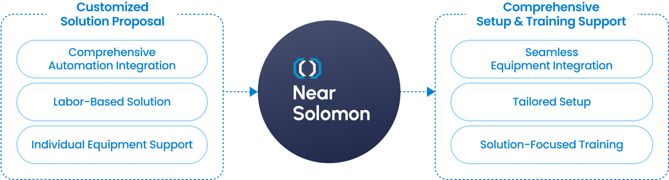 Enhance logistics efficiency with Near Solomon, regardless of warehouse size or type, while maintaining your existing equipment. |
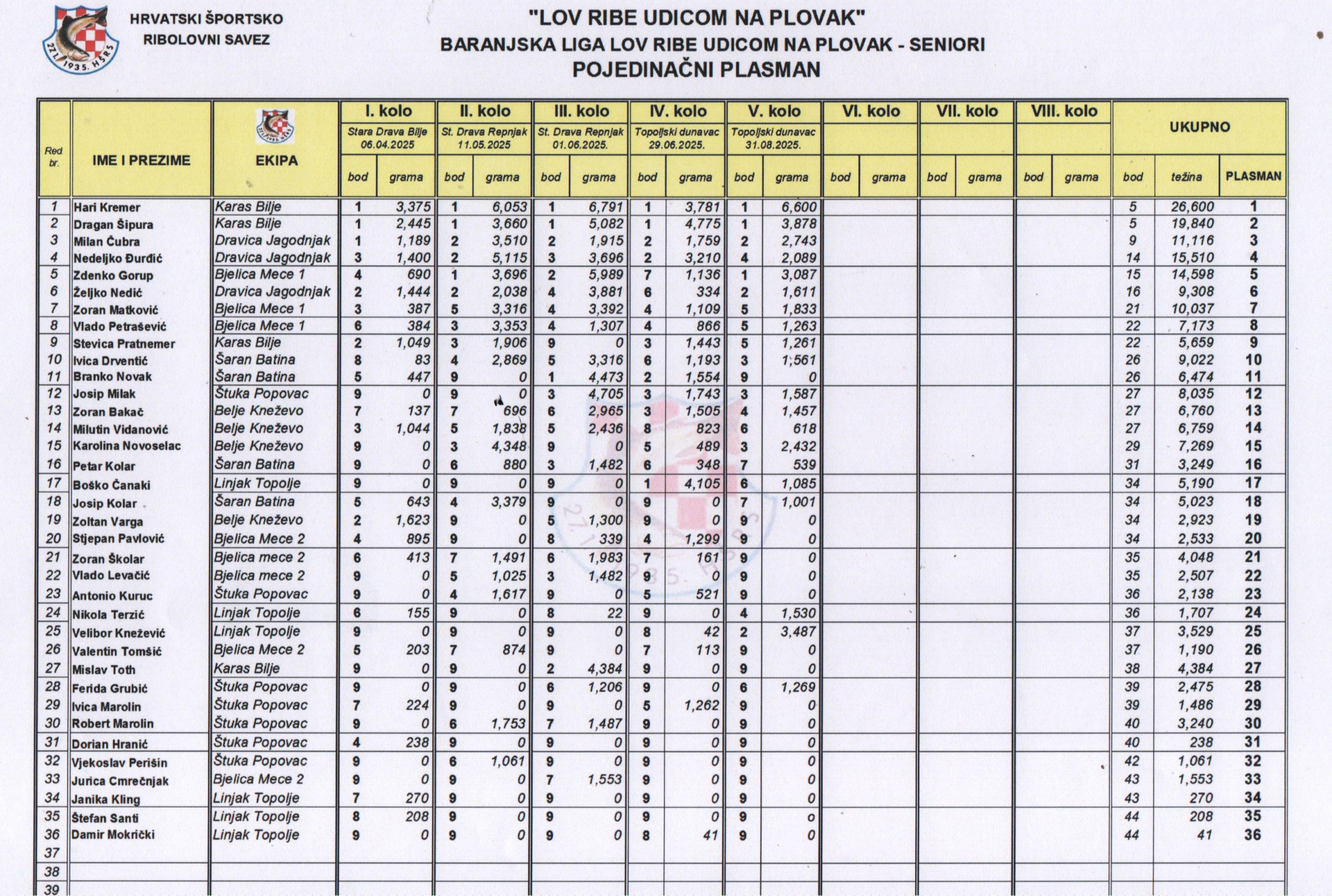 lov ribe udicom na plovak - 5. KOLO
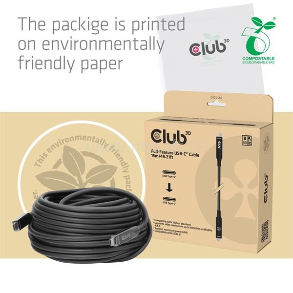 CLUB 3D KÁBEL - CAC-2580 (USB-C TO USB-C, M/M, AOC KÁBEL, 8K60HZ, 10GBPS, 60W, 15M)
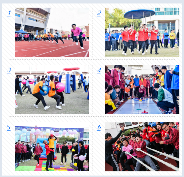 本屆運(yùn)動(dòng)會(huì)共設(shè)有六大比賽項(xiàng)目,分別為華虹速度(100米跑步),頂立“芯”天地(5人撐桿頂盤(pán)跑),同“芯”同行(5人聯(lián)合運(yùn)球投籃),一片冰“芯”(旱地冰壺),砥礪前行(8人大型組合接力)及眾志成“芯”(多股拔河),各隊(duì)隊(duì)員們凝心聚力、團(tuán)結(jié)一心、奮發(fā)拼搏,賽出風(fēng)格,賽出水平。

• • • •

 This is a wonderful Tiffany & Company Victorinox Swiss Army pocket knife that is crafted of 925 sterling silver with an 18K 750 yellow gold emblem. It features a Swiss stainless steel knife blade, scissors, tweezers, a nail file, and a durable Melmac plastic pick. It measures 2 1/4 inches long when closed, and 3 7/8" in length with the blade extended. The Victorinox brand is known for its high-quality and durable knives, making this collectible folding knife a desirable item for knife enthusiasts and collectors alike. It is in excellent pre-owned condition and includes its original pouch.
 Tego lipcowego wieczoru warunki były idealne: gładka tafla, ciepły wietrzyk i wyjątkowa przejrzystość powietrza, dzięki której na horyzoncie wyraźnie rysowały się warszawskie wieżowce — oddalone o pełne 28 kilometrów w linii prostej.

• • • •

**To do**:
Transcribe, exactly and without pictures, everything in the data from the line with "CLUB 3D KÁBEL" down to the line with "本屆運(yùn)動(dòng", both included.

**Exercise result**:
 CLUB 3D KÁBEL - CAC-2580 (USB-C TO USB-C, M/M, AOC KÁBEL, 8K60HZ, 10GBPS, 60W, 15M)
 本屆運(yùn)動(dòng)會(huì)共設(shè)有六大比賽項(xiàng)目,分別為華虹速度(100米跑步),頂立“芯”天地(5人撐桿頂盤(pán)跑),同“芯”同行(5人聯(lián)合運(yùn)球投籃),一片冰“芯”(旱地冰壺),砥礪前行(8人大型組合接力)及眾志成“芯”(多股拔河),各隊(duì)隊(duì)員們凝心聚力、團(tuán)結(jié)一心、奮發(fā)拼搏,賽出風(fēng)格,賽出水平。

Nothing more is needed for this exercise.